Almost all our training sessions were less formal and more casual. Everyone participated in the discussion as necessary posing questions and adding comments. Just as much as we learned from our resource persons, we learned from each other too in so many ways. Our cohort of 13 attendees ranged from a rising junior to a doctorate candidate and we all had mostly different upbringing and educational and professional background.

For me, the leadership training was special not just because of the places we visited and the people we met and interacted with, but also because of the positive imprints that it instilled in each and every one of us in the process.

Of course, every attendee could have his or her own individual goal for going there, but Bhuchung Tsering, the vice president of ICT, set us a very clear collective goal on the very first day at the orientation. He said, “ICT has overarching goals to achieve from this training, but, in my view, if you can achieve one singular goal, it is more than enough and that goal is to change our mindset.”

Mr. Bhuchung Tsering highlighted the fact that we, Tibetans, identify ourselves as Tibetan refugees or simply Tibetans. Even younger generation who are born and brought up here on American soil consider themselves as Tibetan refugees or may be Tibetans, but not Americans. He stressed, “You are not only Tibetans, you are Tibetan-Americans, too. You are Americans just as everyone else in this country.”

The main reason why he was emphasizing us to recognize this fact was to encourage younger generation to engage ourselves into the civic and cultural life of the American society and be a part of the processes in making a difference here in the country and abroad. Simultaneously, we can help our ancestral land Tibet and Tibetan people through American political, economic and social processes.

This mission of changing our mindset might be a brilliant and doable idea for some, but a daunting challenge for others. We had attendees who were born and brought up here and they are through and through Americans just as they are through and through Tibetans. For them, they might be able to simply fine-tune their narrative. For those who recently immigrated to the United States, including myself, it was a lofty challenge. In fact, it is a constant struggle.

As someone who has a deep appreciation for Buddhist philosophy, I am always mindful of not being carried away by the three sources of evils — attachment, anger and ignorance. Hence, my challenge of finding difficulty in identifying myself as an American is not out of my attachment to my birthplace Nepal or my ancestral land Tibet or obsession with Tibetan pride for that matter, but it was rather my earnest effort in searching the American spirit within my soul deep down inside.

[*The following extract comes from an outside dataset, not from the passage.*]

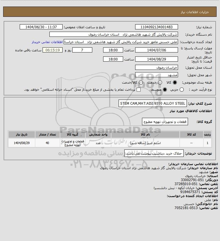 شرح کلی نیاز: STEM CAM,MAT:AISI 9310 ALLOY STEEL

Never in my wildest dream would I dare to identify myself as an American simply because I want to claim rights or pursue personal ends. I would not do it even if the law of the land says I am an American citizen and that I am guaranteed with those inalienable rights for I believe every right comes with duties and one of those sacred duties is to be a genuine American by heart and mind, which can never be determined by one’s place of birth or a piece of paper nor by an accent of speech or color of skin.

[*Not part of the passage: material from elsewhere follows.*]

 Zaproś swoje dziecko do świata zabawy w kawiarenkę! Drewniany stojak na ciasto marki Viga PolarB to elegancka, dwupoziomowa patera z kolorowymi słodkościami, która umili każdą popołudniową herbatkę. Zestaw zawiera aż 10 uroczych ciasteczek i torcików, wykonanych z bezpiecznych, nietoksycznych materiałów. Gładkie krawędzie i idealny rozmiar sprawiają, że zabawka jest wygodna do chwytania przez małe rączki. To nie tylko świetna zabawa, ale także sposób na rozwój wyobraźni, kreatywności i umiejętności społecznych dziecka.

To my great joy, another special moment of this training was I found a solace in my search of American spirit. Among many others, Tibetans and Americans have one but the most important thing in common i.e. our values. We are bound by our shared values that treasure life, liberty and pursuit of happiness. That to me is more than enough reason to tie the knot for these two partners once and for all — Tibetan-American!

Mission accomplished. Thank you, ICT!

2014 Tibetan Youth Leadership Program: My Reflection

By: Jigme Taring

Dear Reader,

I am humbly taking this opportunity to reflect on my experience with this year’s Tibetan Youth Leadership Program (TYLP) organized by the International Campaign for Tibet (ICT).

TYLP as you may know- or if you don’t know- is just one of the many virtuous works ICT provides for the ever-changing Tibetan movement. I can confirm that this specific program, led by ICT’s Tencho Gyatso la and Bhuchung Tsering la, is an extremely enlightening experience for the Tibetan-American youth. The program serves to empower 10 ambitious young Tibetan-American (undergrad/grad) students every year who feel a deep passion for the Tibetan cause and equip them with the necessary knowledge and tools in order to become effective leaders in the Tibetan community.

From the 10 participants in this year’s TYLP, we came from nine different states, several different fields of study, and unique stories and backgrounds, which made for a truly diverse and dynamic group. I believe there was a no better host city for this type of event than the nation’s capital, Washington DC. We were housed comfortably in George Washington University’s Thurston Hall for the eventful week. I must also mention that the food, traveling, room and board expenses were all graciously paid for by ICT, making this program incomparable.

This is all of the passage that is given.